-- Excerpted data follows --
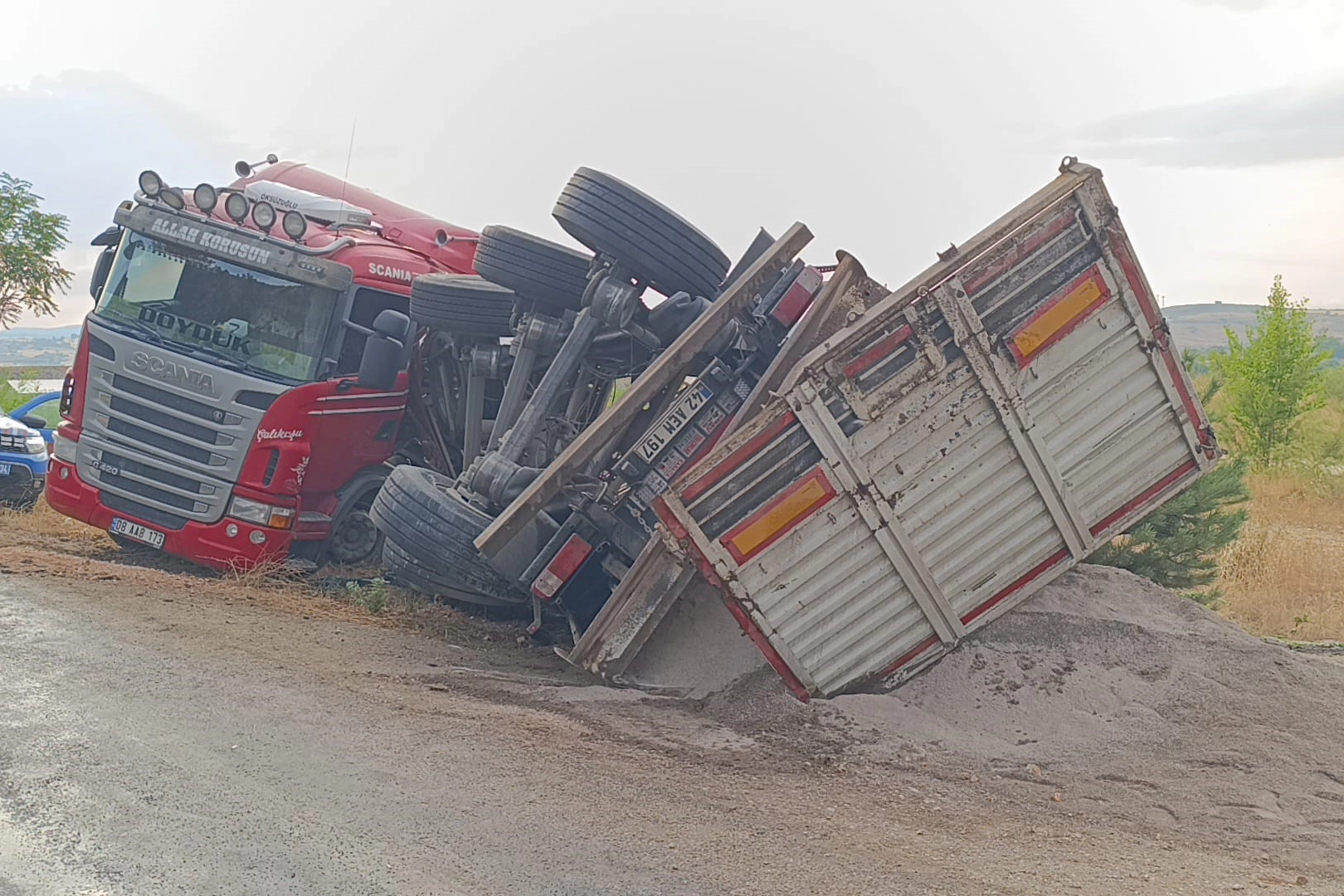 Kaza, saat 18.30 sıralarında İnegöl-Yenişehir yolu üzeri Boğazköy mahallesi mevkiinde meydana geldi. İnegöl'den Yenişehir'deki yüksek hızlı tren inşaatına kum taşıyan Alper A. (47) yönetimindeki 08 AAB 173 plakalı tır, İnegöl'ün Boğazköy Mahallesi mevkiinde yağış nedeniyle kayganlaşan yolda, kontrolden çıkarak devrildi. Kazada yaralanan sürücü, çevredeki vatandaşlar tarafından tırdan çıkarıldı. Olay yerine gelen sağlık ekiplerinin ilk müdahalesinin ardından yaralı sürücü, ambulansla İnegöl Devlet Hastanesi Acil Servisine kaldırılarak tedavi altına alındı.
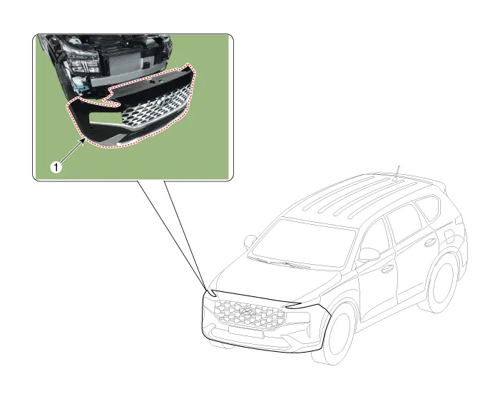 Components 1. Front bumper side bracket [LH] 2. Front bumper side bracket [RH] 3. Front bumper assembly
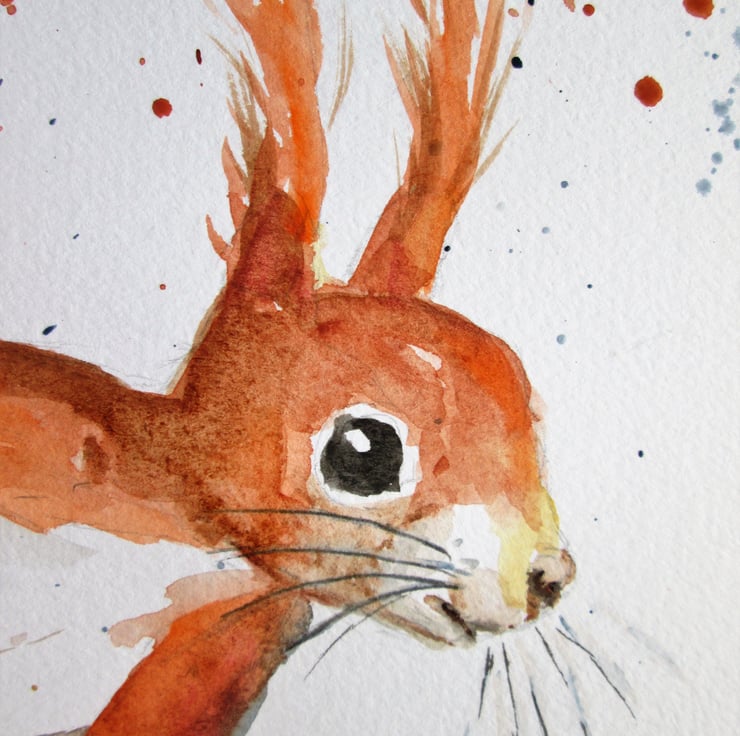 An original watercolour painting of a cute red squirrel peeking around a tree.
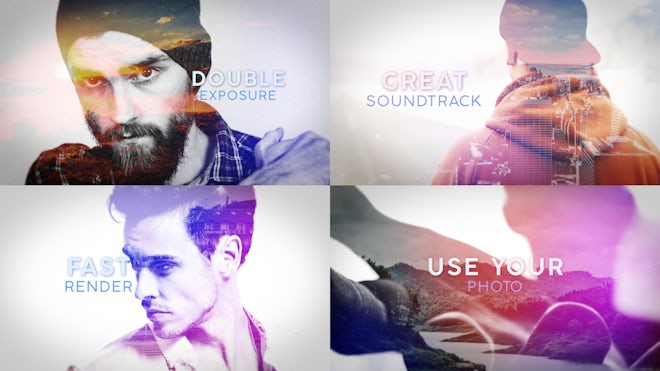 Double Exposure Slideshow is a professionally designed and elegantly animated After Effects template with soft light leaks, simple text animations and smooth transitioning effects. It's so easy to use, simply edit the text, drag and drop in your new media and hit render. A cool intro or opener to your slideshows, presentations, promotions and events videos. No plugins required. Available in HD.
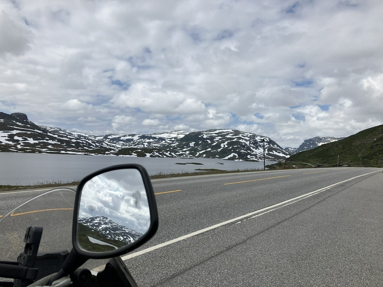Over de bergen heen daal ik weer af en wordt het weer wat warmer en ook de zon laat zich weer wat meer zien. Maakt het allemaal toch leuker natuurlijk. Net op tijd zie ik dat ik linksaf moet een nog smaller weggetje in, wel geasfalteerd dus gewoon gaan. Het blijkt later dat dit de oude weg is van Odda naar Stavanger, eind 19e eeuw aangelegd voor paard en wagen. Pas in de jaren 90 aangepast voor het moderne vervoer, maar nog steeds smal en weinig gebruikt omdat er verderop een brede nieuwe doorgaande weg is gekomen.
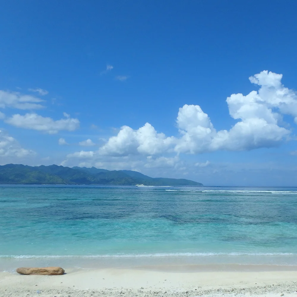 ゴールデンウィークにLCCエアアジアで行くインドネシア・ギリ・トラワンガン編3日目。とうとうこのギリ・トラワンガン島の一番きれいじゃないかと思えるビーチを発見する。向こうに見えるのはロンボク島。
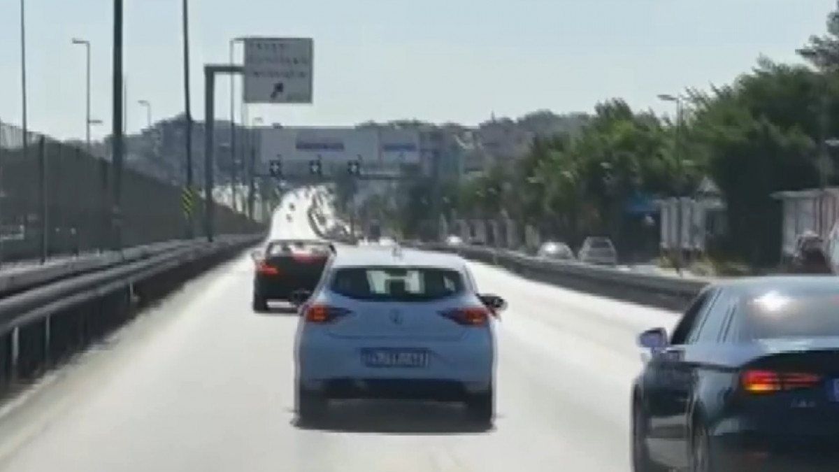 Trafiği tehlikeye atan konvoydaki araçların o anları, diğer sürücüler tarafından cep telefonu kamerası ile anbean görüntülendi.
-- Excerpted data concluded --
**Task**
Give back exactly, and solely, the section of the data above bounded by the line containing "Components 1. Front" and the line containing "Double Exposure Slideshow", both bounding lines included and pictures omitted.

**Answer**
 Components 1. Front bumper side bracket [LH] 2. Front bumper side bracket [RH] 3. Front bumper assembly
 An original watercolour painting of a cute red squirrel peeking around a tree.
 Double Exposure Slideshow is a professionally designed and elegantly animated After Effects template with soft light leaks, simple text animations and smooth transitioning effects. It's so easy to use, simply edit the text, drag and drop in your new media and hit render. A cool intro or opener to your slideshows, presentations, promotions and events videos. No plugins required. Available in HD.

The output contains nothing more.